Research activity per year

Personal profile


I was born and raised in Northern Ireland and left there at 18 to read Modern History at the University of St Andrews, Scotland, where I first discovered a love of Reformation History. Thanks to the expertise and encouragement of the early-modernists at St Andrews, in particular Andrew Pettegree and Bruce Gordon, I stayed to pursue postgraduate study at St Andrews and was funded by the award of two scholarships: a one-year studentship from the Humanities Research Board of the British Academy to support the M.Litt. degree, and a Caledonian Research Foundation Scholarship to fund the PhD. Between 1999 and 2003 I also taught on a broad range of Modern History courses at the Universities of St Andrews and Edinburgh. I was appointed to my current post at the University of Birmingham in 2003.

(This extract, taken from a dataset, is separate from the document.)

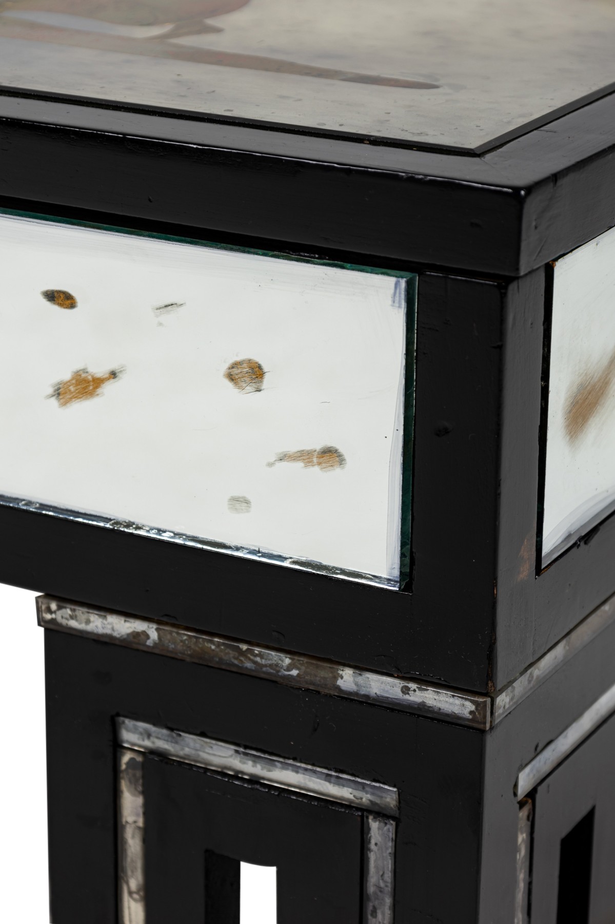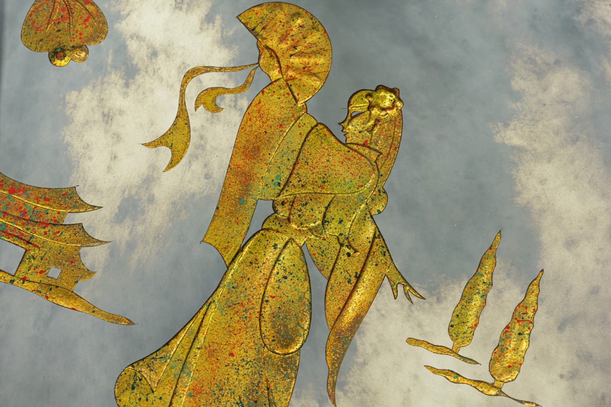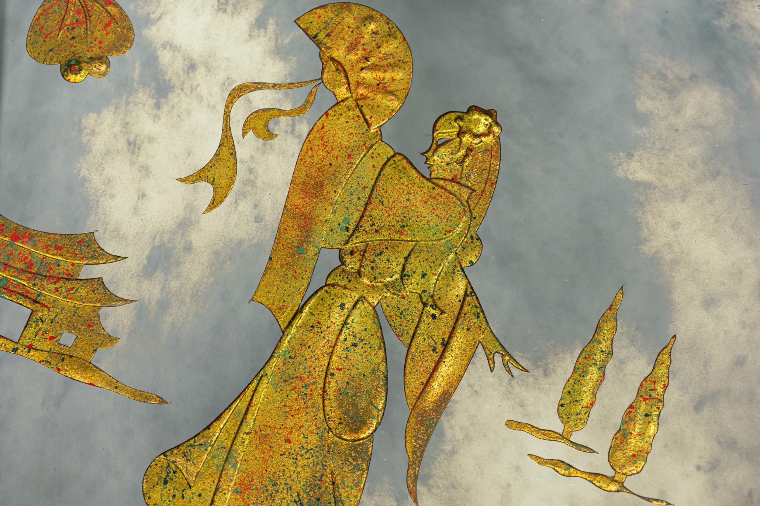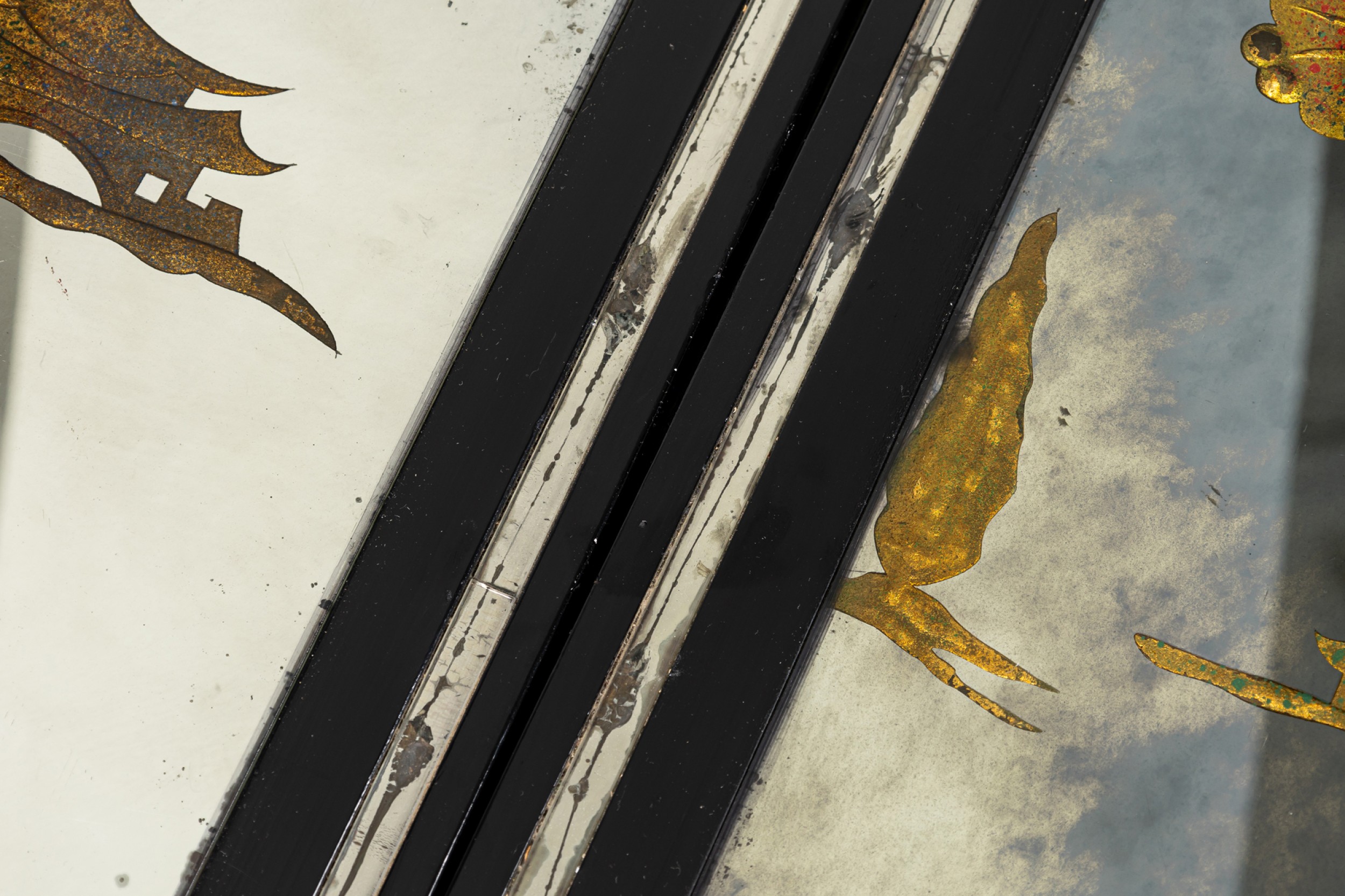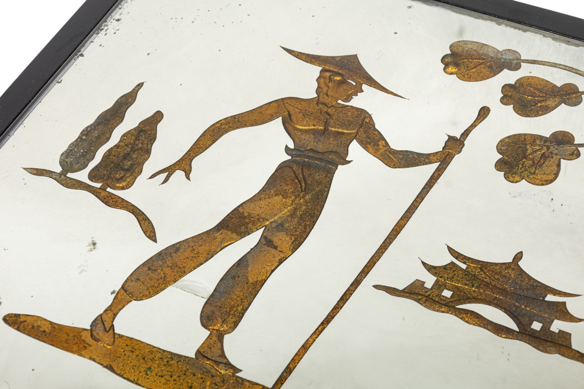 French Mid-Century Black Lacquer and Eglomise Low Table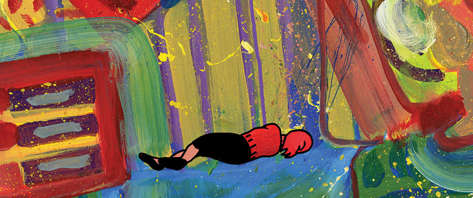 All of the movie was drawn on 8-1/2-by-11-inch paper and animated using After Effects. “There’s no lines that are made on the computer,” says Shaw. “I storyboarded it in color markers and so there was a guide for the whole movie and indications of how the color would be and how everything would look.”

I am currently Director of Education for the College of Arts and Law. I was an elected member of University Senate 2012-16 and Head of History 2015-18. I became the College’s first teaching-focussed Professor in 2018.

Research interests

My first monograph, entitled Catholic Belief and Survival in Late-Sixteenth Century Vienna, was published by Ashgate in May 2007. Focused on the career of one of the most prominent Catholic figures of late sixteenth-century Vienna, Georg Eder (1523-1587), this work highlighted the role of the Catholic laity in instigating, enacting and supporting Catholic reform in the early-modern period.

I have also published work pertaining to Disaster History, East Central European History, and Reformation History more broadly (please see Publications section). I am currently planning an undergraduate-level textbook on the Habsburgs and sixteenth century Europe, as well as engaging in pieces of pedagogical research.